Crosshair: Chris Bosh

Criticizing Chris Bosh doesn’t seem natural to most Raptors fans including myself. I almost feel guilty saying anything negative about him or calling him out because he is clearly our best player and without him we’re a lottery team.To some degree this franchise indebted to Bosh for carrying it over the last couple years and…

Criticizing Chris Bosh doesn’t seem natural to most Raptors fans including myself. I almost feel guilty saying anything negative about him or calling him out because he is clearly our best player and without him we’re a lottery team.To some degree this franchise indebted to Bosh for carrying it over the last couple years and for doing the dirty work needed to become a playoff team twice in a row. You can question his offensive decisions all you want but his effort is always there and the desire to win shines through. You can make a case that he’s the only proven NBA player on our team and slinging mud at him should be considered blasphemous, if not illegal. Then again this is a blog and I don’t have anybody to answer to or an employer to speak of so let’s let it rip.

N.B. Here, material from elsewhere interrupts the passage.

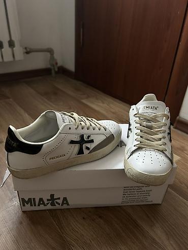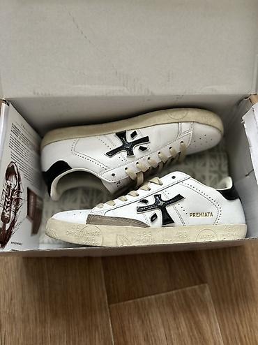 - Модель: низкие кеды Premiata, серия с фирменным логотипом на боковой панели и язычке.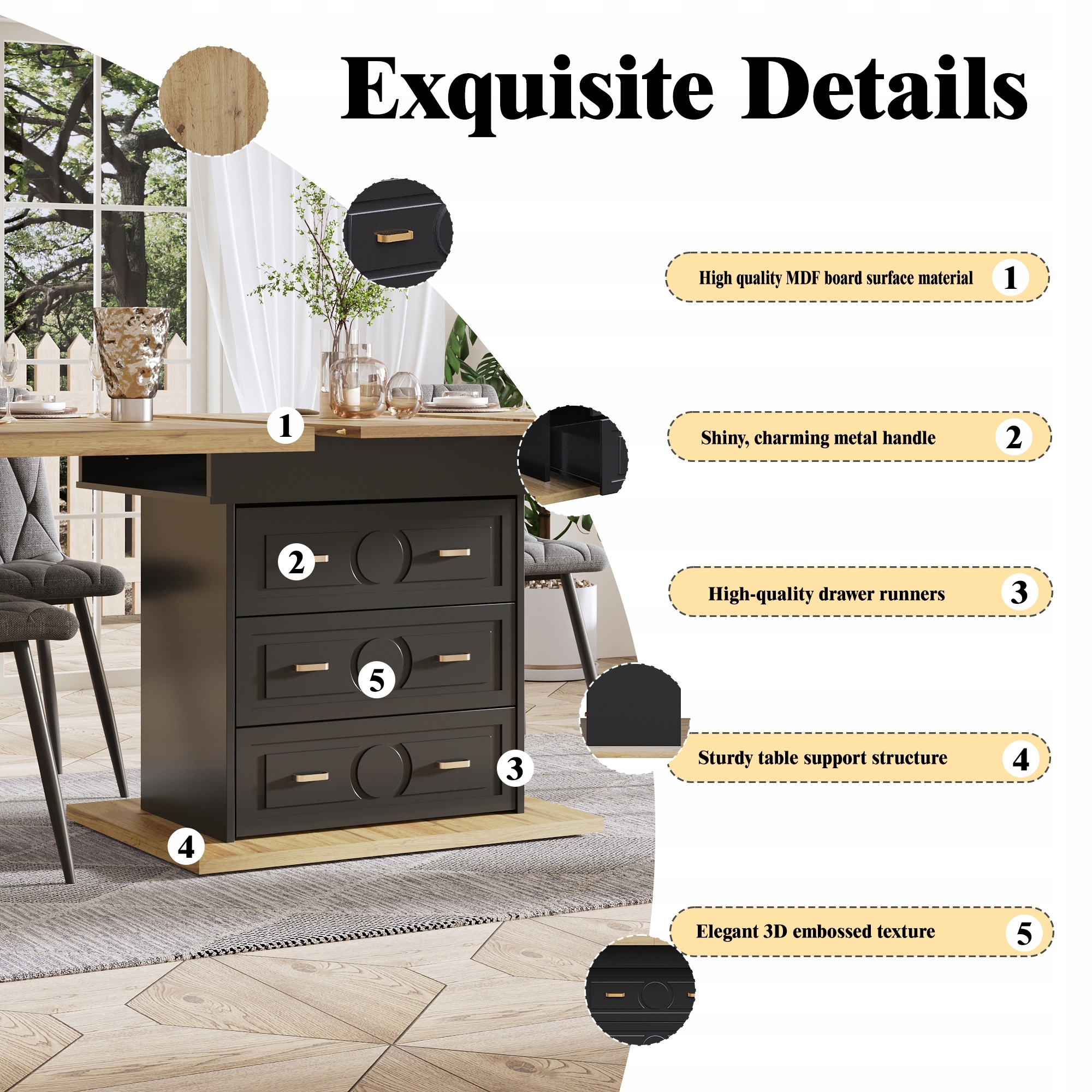 - Оснащений направляючими, які легко втягнути, ковзну поверхню можна зберігати під стільницею, коли вона не використовується, що вирішує традиційні проблеми зі зберіганням.

Let’s get the major complaint out of the way: He takes too many jumpers. Yes, it’s true and if you’re defending that point with the “he’s worn out and needs to pace himself” argument, you’re lying to yourself. He is not a great jump shooter and has no business making the 15-18 footer his first choice on offense. Although he’s gotten better from that range over the last two seasons, the defense will still concede that shot and be content in keeping him on the perimeter where he won’t tire them out or draw fouls. Just like how Jamario Moon tries to prove the defense wrong by attempting jump shots, Bosh tries to draw in the defender by proving that he can indeed be a threat from 18 feet out. So far in his career he hasn’t shown that he can hit that shot with the dead-eye consistency that he needs to in order to make the defense tighter. However, there are other ways to make the defense play you tighter and one of them is establishing a low-post game so that the defender would rather challenge you to drive by him than post him up.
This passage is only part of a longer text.